While attending the SHRM Foundation’s most recent Thought Leader Retreat in the fall, I picked up this nifty piece of thought leadership from 2014: What’s Next: Future global Trends Affecting Your Organization; Evolution of Work and the Worker. Published in partnership with The Economist Intelligence Unit, this report discusses the outcomes of “a rigorous process of surveys, expert-panel discussions and analysis” to identify key themes that look at What’s Next in the evolution of work and the worker.

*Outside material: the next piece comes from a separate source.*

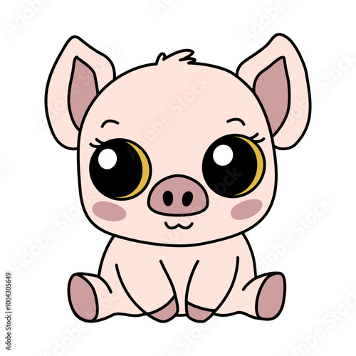 © Viktoriia Melkisheva, Fototapeta premium Zodiac Chinese pig animal of New Year sign icon. Asian kawaii cute style isolated illustration of mascot piggy. Adorable pink piglet with big eyes sitting and smiling on the white background.

The executive summary lists nine key findings – some are just what you’d expect in considering how work is changing and how the role of workers is changing. Some, however, might be surprising to you:

  • Demographic shifts post conflicting challenges

  • Young populations neither in education nor employment will elevate concerns of a lost generation and the potential for social and political unrest in the near future

  • Burgeoning workplace diversity requires sophisticated managerial response

  • Disconnect between educational standards and organizational demand

  • Services sector on the rise globally at the expense of agriculture and industry

  • Technology transforms workforce composition and culture

  • Wage expectations conflict with increased focus on shareholder value

  • Inequality on the rise as technology decimates the mid-skilled tier

  • Companies balance pros and cons of investment in new regions of development

The discussions in this 48 page report are fascinating and cover a lot of ground. Each topic has graphs from a multitude of sources – if you just read the graphs you’d start to develop a new awareness of the global challenges we face in providing sustainable people strategies for our organizations. This one tells a pretty interesting story:

EIU SHRM Foundation 1

Another one that takes an interesting look at global competitiveness – and perhaps an outcome of the chart above – is here:

Eiu SHRM Foundation 2

I encourage you to pull down this report. It’s a little more than a year old, but it highlights the global issues with which organizations are grappling. HR professionals need to have meta data like this top of mind. Whether you’re leading HR in a one-location organization, or an HR team member in a large, global organization – work is changing. And workers are really changing. And some of the reasons they are changing have to do with what’s happening in other places in the world. It’s not enough any more to only know what the trend data are for your pocket of the world. We – especially HR professionals – need to understand all the levers that are pushing on our people, our industry and our work. This report could assist in developing a broader understanding of why this is important.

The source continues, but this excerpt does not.